In my life I not like Americans. But you come my hostel, at this time I like Americans. You are a very adjust girl. Madi chechi all time I learn many thing of you. In my life your good qualitys I will use. I will pray God giving good husband. Happy family life. You don’t forget me. I love madi chechi. I miss you. God bless you.
By: your sister, Lintu
And that, my friends, makes it all worthwhile. Absolutely.
“Each friend represents a world in us, a world possibly not born until they arrive, and it is only by this meeting that a new world is born.” –Anais Nin
“Each friend represents a world in us, a world possibly not born until they arrive, and it is only by this meeting that a new world is born.” –Anais Nin
Wednesday, July 6, 2011
I wrote the following 'note,' entitled "the trade off," on facebook in October 2007. At that time I was a sophomore at FSU and lived in one of the dorms with one of my, to this day, best friends, Levity. I have included the note below; I randomly re-read it the other day and found it appropriate for this time.

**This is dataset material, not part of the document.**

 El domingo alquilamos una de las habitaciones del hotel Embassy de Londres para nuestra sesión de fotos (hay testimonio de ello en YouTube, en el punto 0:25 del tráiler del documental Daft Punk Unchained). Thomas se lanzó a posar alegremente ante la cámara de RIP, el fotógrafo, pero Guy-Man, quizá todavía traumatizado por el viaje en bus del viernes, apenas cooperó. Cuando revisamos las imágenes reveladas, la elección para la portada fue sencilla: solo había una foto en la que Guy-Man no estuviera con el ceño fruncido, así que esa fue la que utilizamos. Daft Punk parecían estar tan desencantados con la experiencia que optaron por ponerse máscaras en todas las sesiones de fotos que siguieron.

"As I sit in my mass-produced desk, in my mass-produced chair, here in my beautiful dorm with my beautiful roommate, lucky to be me, living my beautiful life, I can't help but wishing for the magic ability to whisk back to the past, to the way things used to be. To a different time, or different times, rather, when life seemed a little more carefree.

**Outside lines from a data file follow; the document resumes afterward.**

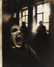 “Shriek of the Forgotten” captures the raw terror of a nightmare bleeding into the waking world. The figure in the foreground — mouth stretched impossibly wide in an inhuman scream — evokes pure dread, while shadowy, distorted figures loom silently in the background. The faded, sepia-toned palette enhances the unsettling, timeless quality, making the scene feel like a cursed memory. This poster is perfect for those who embrace dark surrealism and want to bring a true sense of unease and mystery into their space.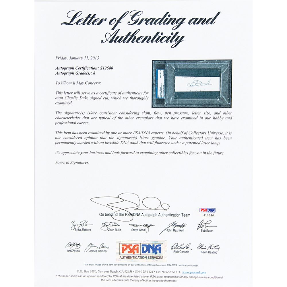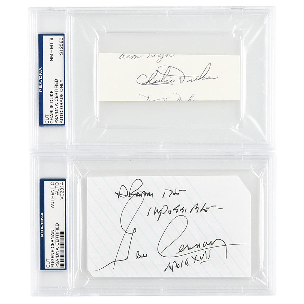 Ink signatures of two moonwalkers, “Dream the impossible, Gene Cernan, Apollo XVII†and “Charlie Duke,†on individual off-white sheets measuring 4.75 x 3 and 4 x 1.25. In overall very good to fine condition, with clipped corners and overall creasing to the Cernan. Both items are individually encapsulated in PSA/DNA authentication holders; the Duke autograph is graded "NM-MT 8." Accompanied by full letters of authenticity from PSA/DNA.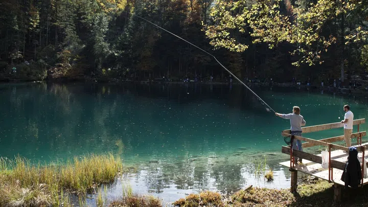 Der Blausee mit seinem glasklaren, smaragdgrünen Wasser ist für viele Menschen ein Juwel im Kandertal im Berner Oberland – und ein beliebter Ort, um frische Regenbogenforellen zu kaufen.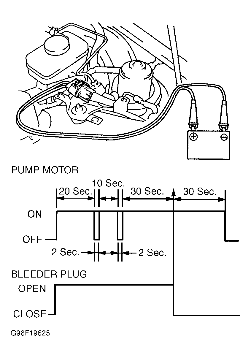 - Ensure master cylinder reservoir is full of brake fluid. Disconnect harness connector from pump. Connect auxiliary test harness to pump. See Fig 1. Remove battery cover and air cleaner inlet. Remove air cleaner assembly with hose.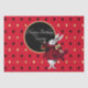 Festive birthday greeting features vintage illustration of the White Rabbit in red tinted Queen of Hearts garb with black and gold customizable text circle and red / gold / black diamond background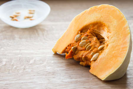 Close-up of a piece of orange pumpkin and seeds, indoors, wooden table

What I wouldn't give to sit in Mr. Joiner's Criminal Justice classroom, studying the familiar faces of serial killers on the cold, watchful walls. To lay on the docks at Camp Kiwanis, aware of only the sun on my face, the breeze in the air, and the rhythmic creaking of the wood. To spend quality time with Dixie on the kitchen floor, seeing no judgment in those golden-brown eyes. To walk down my pitch-black hallway, instinctually avoiding every piece of furniture. To be close to old friends, or to see familiar faces at church.
It's ironic how the things we think of as habitual, commonplace, or boring become what we associate with comfort.
Change, however, is inevitable, and requires a sacrifice of that which is comfortable. It's not all bad, though, because what we give up is surely replaced by equally wonderful--if not better--experiences and occurrences.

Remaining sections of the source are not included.